Meghan Markle and Prince Harry are experiencing similar struggles to those Harry’s late mother, Princess Diana, faced with the royal family, according to a former staff member.
Patrick Jephson, who worked as the late princess’s private secretary and chief of staff, told CNN on Saturday, March 6, the rift between the Duke and Duchess of Sussex and royal household is all too familiar.
“Thirty years ago we were in a comparable situation where rifts were opening up within the royal family and it was starting to escalate,” he shared, alluding to Diana distancing herself from the royal family after she and Prince Charles divorced in 1996. “There were a lot of unhappy people involved then, I’m quite sure there are a lot of unhappy people involved now.”
Jephson continued: “First and foremost, we should understand that this is a family rift. It has taken on a lot of the trappings of a big media PR story, but at the heart of this are real people really hurting and I hope that somewhere in the midst of the current back and forth somebody is putting down the seeds for eventual reconciliation, which has to come.”
Speaking on Harry, 36, and Meghan’s decision to speak out in a tell-all interview — which is set to air on CBS on Sunday, March 7 — Diana’s former aide noted, “The precedence for royal interviews of this kind are not very encouraging.”
He told CNN, “Both Prince Charles and Princess Diana, and more recently Prince Andrew, have tried to put their sides of the story on TV through these sorts of interviews and in all cases, it has backfired.”

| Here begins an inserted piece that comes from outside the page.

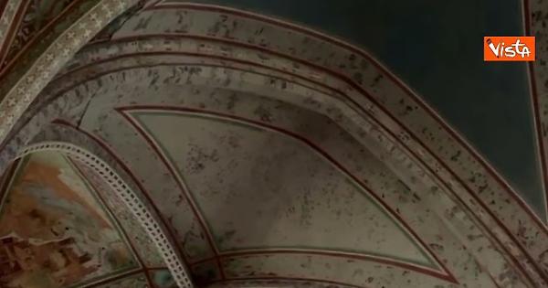 (Agenzia Vista) Assisi, 04 ottobre 2025 Pochi minuti prima dell'inizio della celebrazione in Basilica, in vista delle iniziative che segneranno l’VIII centenario della morte di San Francesco d’Assisi, è stata inaugurata la proiezione a grandezza naturale della vela di San Matteo sulla superficie corrispondente della volta, dove non fu possibile ripristinare l'immagine con i frammenti originali, a seguito del terremoto del 1997. Grazie a questa iniziativa del Ministro della Cultura Alessandro Giuli è stato possibile mostrare quanto vi era raffigurato, considerato che non fu possibile ripristinare l’immagine con i frammenti originali, viste le condizioni e le dimensioni in cui furono recuperati i 120.000 frammenti. Ora la tecnologia - l’intervento è stato reso possibile grazie al Ministero della Cultura - consente di mostrare come era prima del sisma. La proiezione, realizzata attraverso un proiettore 4k, è stata resa possibile grazie ad un rilievo fotogrammetrico terrestre delle superfici affrescate, tramite fotocamere full-frame. È stato generato un modello tridimensionale texturizzato dello stato attuale delle volte oggetto dell’intervento: successivamente, attraverso la ricostruzione geometrica e l’utilizzo delle foto storiche, è stato realizzato un modello tridimensionale della volta antecedente il crollo, così da fornire l’immagine finale coerente con il punto di proiezione, perfettamente integrata con gli affreschi superstiti. Fonte: Agenzia Vista / Alexander Jakhnagiev

Jephson said the responsibility to mend the broken relationship between the Royal Air Force veteran, Suits alum, 39, and the royal family falls “with senior palace management.” He suggested Harry’s father, Charles, should get involved, noting that the Duke of Cornwall, 72, has “examples from his own history of how these things can be made worse, and how they can be made better.”
Ahead of the couple’s highly anticipated TV appearance, The Times published an article containing complaints against Markle from former aides. In the March 2 piece, the duchess was accused of bullying aides before stepping down from her duties as a senior member of the royal family in 2020. She has denied the allegations, which Buckingham Palace promised to look further into in a statement released to Us Weekly on Wednesday, March 3.

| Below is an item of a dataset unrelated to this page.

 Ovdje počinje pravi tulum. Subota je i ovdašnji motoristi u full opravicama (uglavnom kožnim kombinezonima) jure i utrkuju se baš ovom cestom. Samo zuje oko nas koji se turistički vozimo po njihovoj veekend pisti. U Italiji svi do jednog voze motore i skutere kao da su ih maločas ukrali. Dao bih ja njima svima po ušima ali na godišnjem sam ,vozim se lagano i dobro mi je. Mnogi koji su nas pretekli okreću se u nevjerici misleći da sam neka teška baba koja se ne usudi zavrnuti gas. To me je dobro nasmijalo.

Despite the drama the accusations have caused, royal correspondent Omid Scobie said in a Friday, March 5, interview with Entertainment Tonight that Harry and Meghan remain close with Queen Elizabeth II and her husband, Prince Philip. He noted that the tell-all could put them in a difficult position with the monarch and her ailing husband, depending on what is discussed.

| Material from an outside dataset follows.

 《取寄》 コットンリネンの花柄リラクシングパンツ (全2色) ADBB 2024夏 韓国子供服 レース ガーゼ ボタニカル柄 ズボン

“It’s a tough one for Harry and Meghan,” the Finding Freedom coauthor said. “They planned this interview before Prince Philip was admitted to the hospital, and, unfortunately, here we are facing the third weekend of him still in the care of the hospital here in London. But for Harry and Meghan, they have kept a great relationship with Philip and the queen.”
Scobie remained optimistic, however. “We heard Harry talking very warmly about his grandfather on James Corden‘s show not so long ago, and I think we’ll hear more of that [during their CBS primetime tell-all],” he told ET.
A recent preview for the interview featured Meghan accusing the British royals of perpetuating untrue stories about her and Harry.
“I don’t know how they could expect that after all of this time we would still just be silent if there is an active role that The Firm is playing in perpetuating falsehoods about us,” she said in the clip, released on Wednesday, March 3. “And if that comes with risk of losing things, there is a lot that has been lost already.”